Nachdem er sein Studium der Biowissenschaften an der Universität Kyoto abgeschlossen hatte, kam Hironori Taniguchi im Sommersemester 2013 mit einem Stipendium der Bayer AG in die Arbeitsgruppe von Professor Dr. Volker Wendisch an der Universität Bielefeld. Hier begann er seine Doktorarbeit zur Kontrolle der Genexpression in Bakterien. Taniguchi arbeitet hierfür mit dem Corynebakterium glutamicum, das große Mengen der Aminosäre Glutamat produzieren kann. Glutamat ist ein vor allem in der japanischen Küche sehr geschätzter Geschmacksverstärker, der für den sogenannten Umami-Geschmack verantwortlich ist. Professor Wendisch, der die Laudatio hielt, stellte die Bedeutung von Taniguchis Forschung heraus und lobte seine Anstrengungen, auch anderen japanischen Mitarbeiterinnen und Mitarbeitern das Einleben an der Universität zu erleichtern.

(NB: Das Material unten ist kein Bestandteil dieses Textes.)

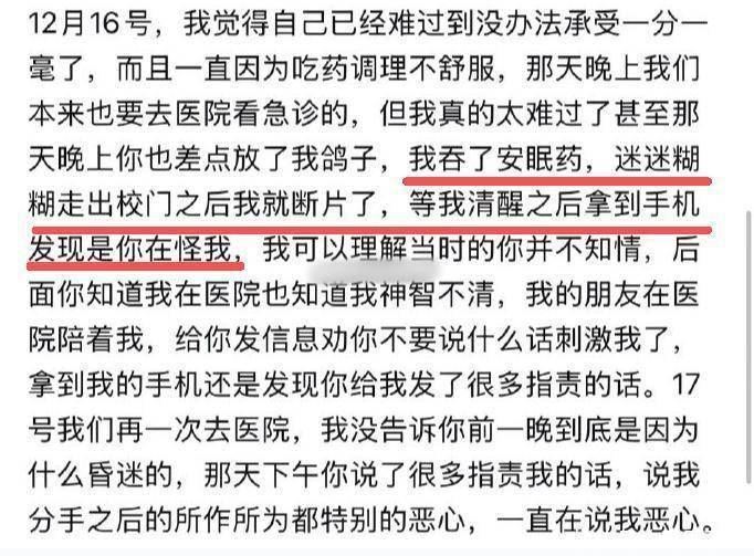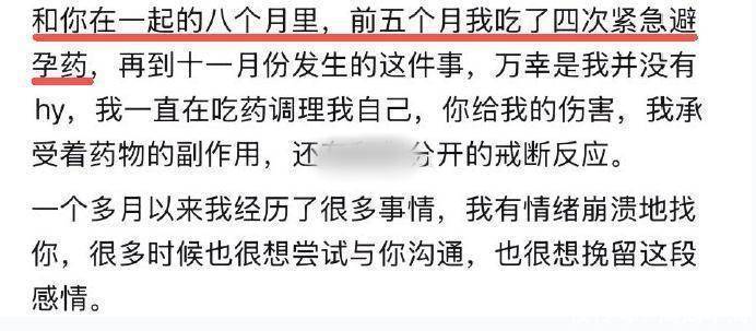 据她所说,恋爱初期感情还算稳定,但短短5个月内,她就服用了4次避孕药。为了调理身体,她开始节食、喝中药,身体状态一度非常差。可男方不仅没有丝毫体谅,还在她最焦虑的那段时间,竟然还和其他女生通宵玩“剧本杀”,全然不顾她的情绪。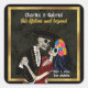 Dia de los Muertos - Stickers de Mariage fun, super mignon et adorable couple de crânes vintages Charro et Catrina dansant à l'air de cette vie et au-delà. Photos d'enveloppes amusantes et colorées avec un arrière - plan texturé noir, décoré d'un cadre doré de fantaisie, avec des jeunes mariés personnalisables et la date et l'emplacement mariage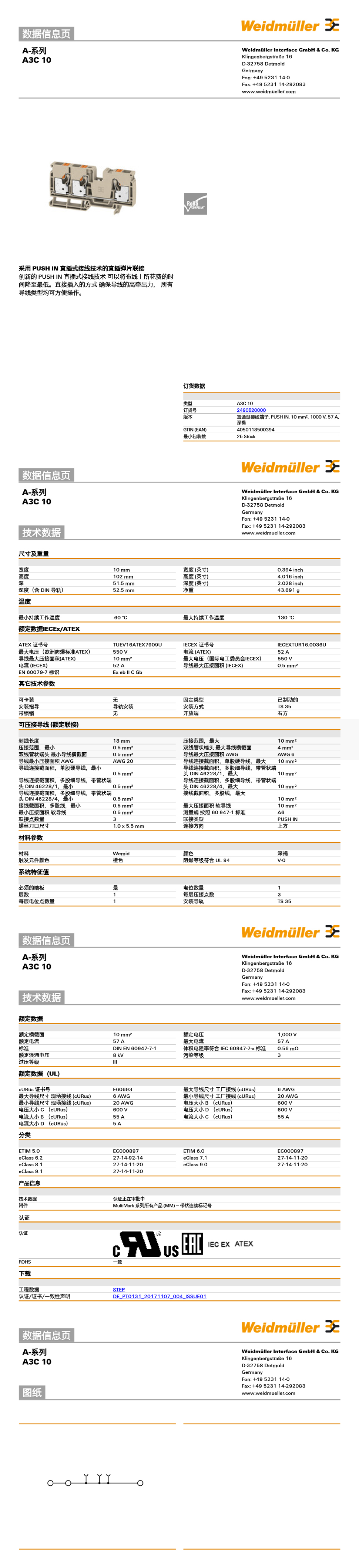 魏德米勒 > A系列 > A系列 A直插式接地型接线端子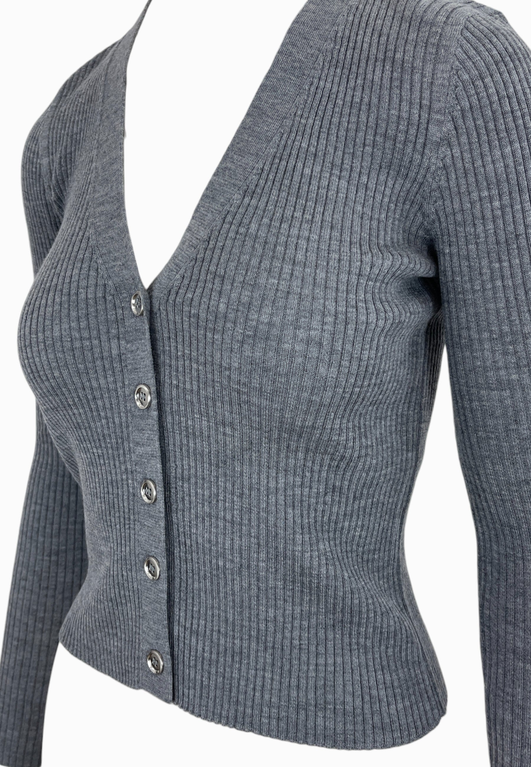 • CARDIGAN CORTO A COSTINE,CHIUSURA CON BOTTONI,LOGO IN TRASPARENZA SULLA PARTE POSTERIORE

Der Hajime-Hoshi-Preis wird jährlich gemeinsam von der DJG und der Universität Bielefeld verliehen und trägt den Namen eines bedeutenden japanischen Wissenschaftsförderers: Der Pharmazieunternehmer Hajime Hoshi (1873 bis 1951) war mehrfach Abgeordneter im japanischen Parlament und stellte kurz nach dem Ersten Weltkrieg der „Notgemeinschaft der Deutschen Wissenschaft“ beträchtliche finanzielle Mittel zur Verfügung. Aus diesem „Hoshi-Fonds“ wurden in der Folgezeit mehr als 100 deutsche Nachwuchswissenschaftler gefördert.